Откуда-то вывернулась Надя и бросилась к Михаилу:

– Перестань сейчас же, перестань! Не позорь нас. Уйди!

Он оттолкнул ее:

– Тебя здесь еще не хватало.

– Не слушайте его, не слушайте! – кричала Надя. – Не верьте ему.

Михаил опять засмеялся и почувствовал, как развеселилось в нем терзавшее его похмелье, как от радости оно взвыло и бросилось в пляс.

– Я с ума сошел – все ясно. А матери нельзя находиться с сумасшедшим. Тогда, может, ты ее заберешь? – весело спросил он у Варвары. – Уж тебе-то корова никак не помешает. А с твоей семьей мать не соскучится. Там ей будет куда как спокойней, с дочерью всегда лучше, дочь не напьется, не обидит. Ну? Соглашайся, соглашайся – что ты молчишь?

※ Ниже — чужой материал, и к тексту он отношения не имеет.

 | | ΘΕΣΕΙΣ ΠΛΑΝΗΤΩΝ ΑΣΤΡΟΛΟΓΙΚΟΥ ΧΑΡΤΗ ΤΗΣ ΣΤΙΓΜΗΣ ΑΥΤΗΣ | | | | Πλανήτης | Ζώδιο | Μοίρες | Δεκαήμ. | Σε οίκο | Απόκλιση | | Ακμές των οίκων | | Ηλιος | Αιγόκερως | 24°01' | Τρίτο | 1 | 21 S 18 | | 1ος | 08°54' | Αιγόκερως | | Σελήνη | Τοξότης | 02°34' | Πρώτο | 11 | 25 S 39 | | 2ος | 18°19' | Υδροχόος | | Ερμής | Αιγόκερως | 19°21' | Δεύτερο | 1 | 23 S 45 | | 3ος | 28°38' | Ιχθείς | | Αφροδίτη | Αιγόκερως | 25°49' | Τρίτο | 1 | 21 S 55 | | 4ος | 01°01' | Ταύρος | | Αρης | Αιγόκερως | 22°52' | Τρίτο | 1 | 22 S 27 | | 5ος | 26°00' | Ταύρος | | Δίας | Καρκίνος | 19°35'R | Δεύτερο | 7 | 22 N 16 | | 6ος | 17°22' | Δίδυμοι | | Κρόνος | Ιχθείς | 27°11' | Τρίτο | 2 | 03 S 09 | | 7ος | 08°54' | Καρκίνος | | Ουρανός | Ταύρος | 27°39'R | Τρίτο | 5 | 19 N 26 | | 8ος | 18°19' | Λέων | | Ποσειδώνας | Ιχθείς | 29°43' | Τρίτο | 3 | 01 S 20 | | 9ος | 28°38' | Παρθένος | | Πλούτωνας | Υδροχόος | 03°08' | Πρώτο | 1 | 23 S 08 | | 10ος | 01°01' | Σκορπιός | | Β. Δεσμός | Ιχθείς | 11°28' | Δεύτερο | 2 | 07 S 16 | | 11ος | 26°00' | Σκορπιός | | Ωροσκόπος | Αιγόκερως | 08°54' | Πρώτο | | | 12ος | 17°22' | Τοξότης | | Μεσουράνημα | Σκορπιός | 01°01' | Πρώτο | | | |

– Да у нас жить негде, – растерялась Варвара. – У нас Сонька сызнова прибавку ждет. Я бы взяла.

– Жить, говоришь, негде? И корову, значит, поставить тоже негде?

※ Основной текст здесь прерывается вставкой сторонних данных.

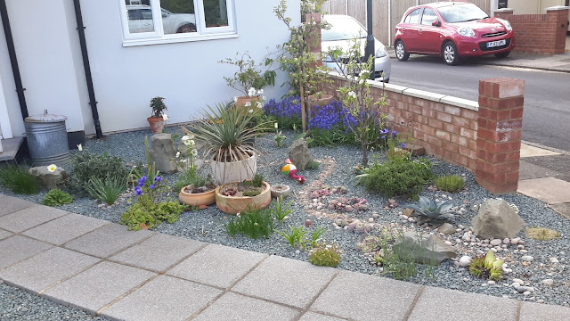 There hasn't been a front garden update in a while. It has all been a learning experience, with far more bulbs and traditional plants than in my usual rockeries. The mild winter means the bulbs are behaving very strangely; they are suppose to be a continous stream of flowers from the early snowdrops and crocus to the late anemones. While the crocus and snowdrops were at their usual Feb and march flowering, come march everything came into flower including the anemones which are not suppose to flower for months.

– Нет, корову есть где. В стайке.

– Корову есть где, а мать негде. Мать в стайку не поместишь – вон она, – он показал на Люсю, – лет через пять или десять приедет и скажет, что это выходит за всякие рамки. А я ей подвою. Да я и не позволю, чтобы мать в стайке жила. Мне тоже надо, чтобы она находилась по-человечески. – Он повернулся к Илье. – А ты, Илья, как ты на это смотришь? Может, тебе забрать нашу мать? Увезешь ее к своей бабе, та будет за ней ухаживать. А то ты все на работе да на работе, ей там не с кем ласковым словом перекинуться. А мать у нас, сам видишь, бессловесная, она для нее сгодится. После меня она там отдохнет у вас.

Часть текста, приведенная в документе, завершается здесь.